Der Islam kennt zwar keine Heiligen, die zwischen dem Gläubigen und Allah vermitteln, aber das Volk in der islamischen Welt hat das immer anders emfunden.
Weil der Prophet Muhammad den Islam verkündete, wird er ganz besonders verehrt. Ebenso verehrt werden aber auch seine Gefährten, die ersten vier Kalifen Abu Bakr, Omar, Osman und Ali und Muhammads Gattin Chadidscha und ihre Tochter Fatima.
Vor der Ankunft der ersten Türken war das Gebiet der heutigen Türkei christlich. Die zur Religion des Islam übergetretene Bevölkerung bewahrte aber, was ihnen heilig war. So entstanden viele Stätten der Verehrung. Besonders bei den Sufis bekam die Bevölkerung Hilfe durch Heilige, die ihnen in den Nöten des Alltags beistanden. Der Heilige Georg verwandelte sich einfach in den muslimischen Hidrellez.
Fast jedes Istanbuler Wohnquartier besitzt sein eigenes Heiligengrab, mit einer turban-bekrönten osmanischen Grabstele, mit grünem Zaun und Grabstein. Auf der Mauer stehen Kerzen und manchmal steht dort auch eine Tafel, auf der die offizielle Religionsbehörde darauf hinweist, dass das Abbrennen von Kerzen an Heiligengräbern unislamisch ist.
Obwohl Heiligenverehrung und Personen- und Gräberkult im Islam eigentlich abgelehnt wird, sind Gräber frommer Männer und Frauen zu Pilgerstätten geworden. Unter ihnen waren bedeutende Mystiker und Mystikerinnen, welche die reine Gottesliebe predigten und sehr bescheiden lebten. Die Bezeichnung „Sufi“ soll auf ihr einfaches Wollgewand zurückgehen. Manche gründeten Sufi-Orden, wie jenen der „Tanzenden Derwische.
Maulana Rumi war einer der größten mystischen Dichter des Islam und gründete den Maulawi-Orden der tanzenden Derwische.
Seine größten Werke sind der Divan-e Schams, den er seinem mystischen Lehrmeister Schams-e Tabrizi widmete, das Masnavi, eine große epische Gedichtsammlung, und die metaphysischen Diskurse Fihi ma fihi.
Um sich mit Gott seelisch zu verbinden und in seiner Liebe aufzugehen, schrieb er Gebete, die auch gesungen wurden oder tanzte den wirbelnden Derwischtanz.
In Rumis Gedichten steht z.

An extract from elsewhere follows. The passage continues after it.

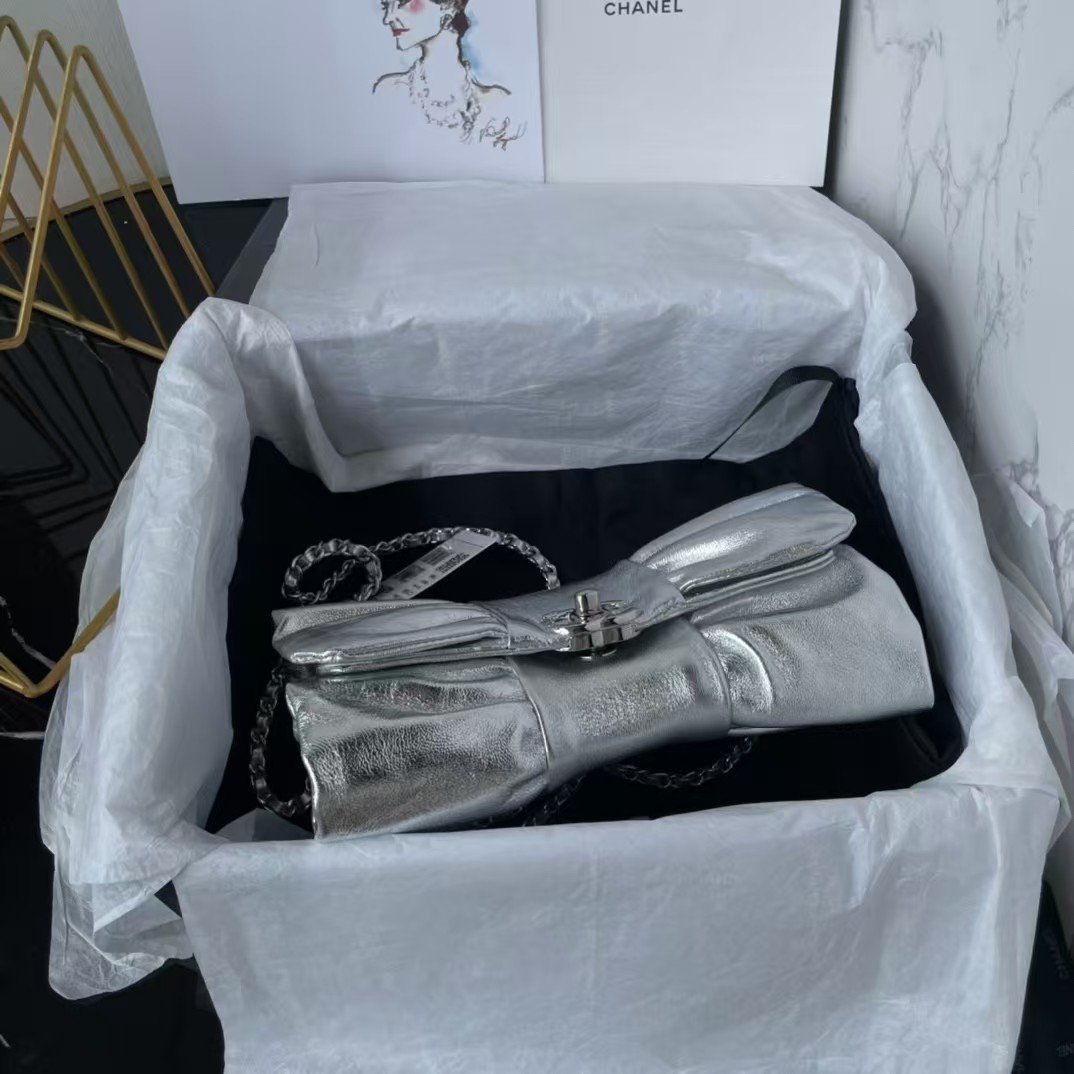 Chanel 24B AS5129 Metallic Lambskin Butterfly Evening Bag Metallic Silver

B. der Geliebte für die ewige Sehnsucht des Menschen und für das Transzendentale oder der Schmetterling, der an der Kerze verbrennt für das suchende, liebende Herz.
Als ich dieses Gedicht in meinem Garten las, erhob sich um mich herum ein überirdischer Gesang:
Ich suchte am Kreuz der Christen, doch da war Er nicht;
Ich ging in den Tempel der Hindus und in die alten Pagoden,
doch nirgends fand ich eine Spur von Ihm.
Ich suchte auf Bergen und Tälern, doch
Weder in der Höhe noch in den Niederungen fand ich Ihn.
Ich ging zur Ka’ba nach Mekka, doch auch dort war Er nicht.
Ich fragte die Gelehrten und Philosophen,
doch Er war jenseits ihres Begreifens.
Da schaute ich in mein Herz, und dort,
an Seinem Wohnort, sah ich Ihn;
an keinem anderen Ort war Er zu finden.
(Juwelen persischer Weisheit)
Rabi’a von Basra geb. ca. 720 ist die berühmteste arabische Mystikerin. Sie hatte viele Schüler, unter ihnen den Mystiker Hasan al-Basri.
Einst ging sie mit einem Eimer Wasser und einer Fackel durch die Straßen von Basra und rief:
„Ich möchte Feuer ans Paradies legen und Wasser in die Hölle gießen, damit niemand mehr Gott aus Angst vor der Höllenstrafe oder in Erwartung paradiesischen Lohnes anbetet!“
Mit diesen Gedanken beeinflusste sie Generationen von Sufis und auch den türkischen Sufi Yunus Emre, ein volkstümlicher Sänger und Dichter des 13. und 14. Jh. Dieser wandernde Derwisch ist einer der wichtigsten Dichter der türkischen Geschichte. Für ihn war das Paradies eine Schlinge, um menschliche Herzen zu fangen. In seinen Liedern preist die gesamte Schöpfung ihren Schöpfer.
Er wurde in mehr als hundert anatolischen Dörfern geboren und starb 1320 und 1321, in mehreren anatolischen Orten, an denen es entsprechende Gedenkstätten gibt.